> Your instructions: Restate every record word for word, without the pictures.

> Material provided:
------------------------------------------------------------

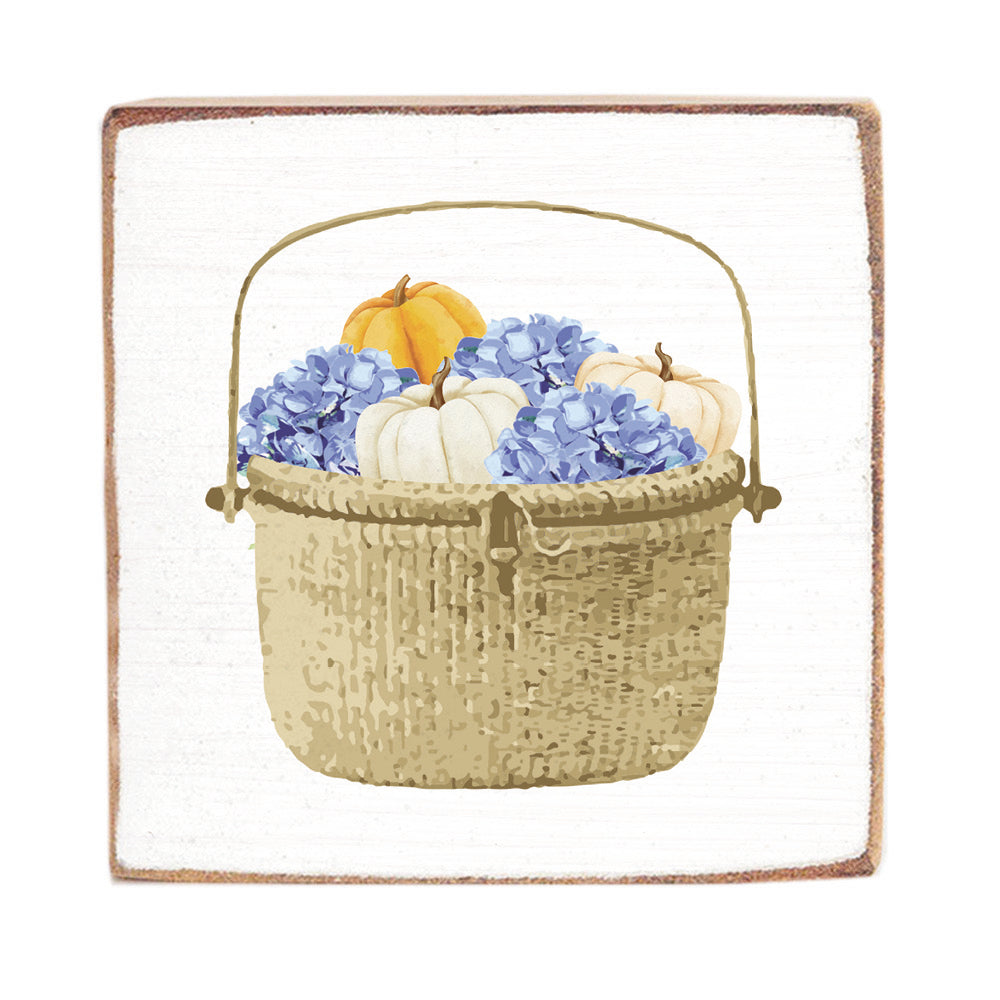 Enhance your seasonal decor with this charming Fall Hydrangea Basket Square Block Sign, perfect for adding a touch of autumn warmth to any room. This twine sign effortlessly brings the beauty of fall indoors, featuring a delightful basket filled with vibrant blue hydrangeas and mini pumpkins. Ideal for creating a cozy atmosphere, it complements a variety of home styles, from farmhouse to modern.
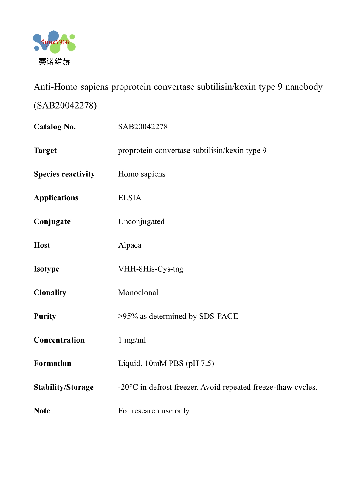Anti-Homo sapiens proprotein convertase subtilisin/kexin type 9 nanobody (SAB20042278)
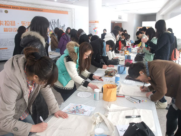 2011年3月16日,“卡拉扬—东华杯”箱包设计大赛的新闻发布会及环保袋现场彩绘活动在91官网
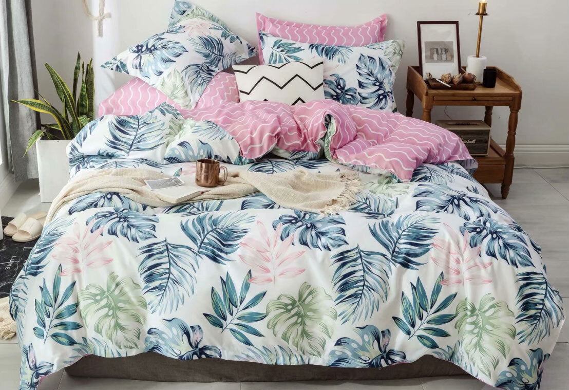 Ethel Quilt Cover Set / Doona Cover Set from Luxton Print Collection. It features an increditable design of tropical plant with green, pink, blue, and white mixed for a classic look and feel. Offering a cosy and natural style of your bedroom.
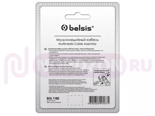 Заказать звонокКабель микро USB (AM/microBM) BGL1182 5pin красно-белый, кабель-рулетка
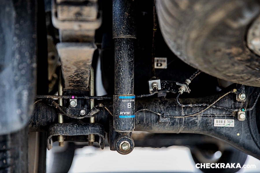 ระบบช่วงล่างต้องยอมรับว่า "หนึบและแน่น" ขึ้นกว่าเดิม โดยเฉพาะช่วงเข้าโค้ง เปลี่ยนช่องทางอย่างกระทันหัน มีอาการโยนหรือเหวี่ยนน้อยลงกว่ารุ่นที่เคยทดสอบ (Revo Rocco 2.8) เมื่อช่วงล่างกระชับส่งผลให้การควบคุมพวงมาลัยแม่นยำขึ้นอีกนิด แต่ก็ต้องแลกกับความกระด้างขึ้นเช่นกัน เมื่อช่วงล่างที่แข็งและหนืดขึ้น ในการขับขี่ความเร็วต่ำ ๆ ผ่านถนนคอนกรีตมีอาการดีดและเด้งอย่างชัดเจน ถ้าเป็นผู้ขับอาจรู้สึกถึงความดิบ ๆ สนุกและได้อารมณ์รถแข่ง แต่ถ้าเป็นผู้โดยสารอาจจะมีอาการจุกบ้างเวลาตกหลุดมหรือกระโดดคอสะพาน
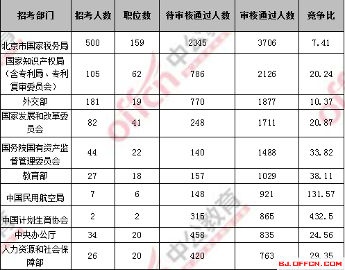 2018國考北京地區(qū)過審人數(shù)最多十大部門

------------------------------------------------------------

> Answer section:
 Enhance your seasonal decor with this charming Fall Hydrangea Basket Square Block Sign, perfect for adding a touch of autumn warmth to any room. This twine sign effortlessly brings the beauty of fall indoors, featuring a delightful basket filled with vibrant blue hydrangeas and mini pumpkins. Ideal for creating a cozy atmosphere, it complements a variety of home styles, from farmhouse to modern.
Anti-Homo sapiens proprotein convertase subtilisin/kexin type 9 nanobody (SAB20042278)
 2011年3月16日,“卡拉扬—东华杯”箱包设计大赛的新闻发布会及环保袋现场彩绘活动在91官网
 Ethel Quilt Cover Set / Doona Cover Set from Luxton Print Collection. It features an increditable design of tropical plant with green, pink, blue, and white mixed for a classic look and feel. Offering a cosy and natural style of your bedroom.
 Заказать звонокКабель микро USB (AM/microBM) BGL1182 5pin красно-белый, кабель-рулетка
 ระบบช่วงล่างต้องยอมรับว่า "หนึบและแน่น" ขึ้นกว่าเดิม โดยเฉพาะช่วงเข้าโค้ง เปลี่ยนช่องทางอย่างกระทันหัน มีอาการโยนหรือเหวี่ยนน้อยลงกว่ารุ่นที่เคยทดสอบ (Revo Rocco 2.8) เมื่อช่วงล่างกระชับส่งผลให้การควบคุมพวงมาลัยแม่นยำขึ้นอีกนิด แต่ก็ต้องแลกกับความกระด้างขึ้นเช่นกัน เมื่อช่วงล่างที่แข็งและหนืดขึ้น ในการขับขี่ความเร็วต่ำ ๆ ผ่านถนนคอนกรีตมีอาการดีดและเด้งอย่างชัดเจน ถ้าเป็นผู้ขับอาจรู้สึกถึงความดิบ ๆ สนุกและได้อารมณ์รถแข่ง แต่ถ้าเป็นผู้โดยสารอาจจะมีอาการจุกบ้างเวลาตกหลุดมหรือกระโดดคอสะพาน
 2018國考北京地區(qū)過審人數(shù)最多十大部門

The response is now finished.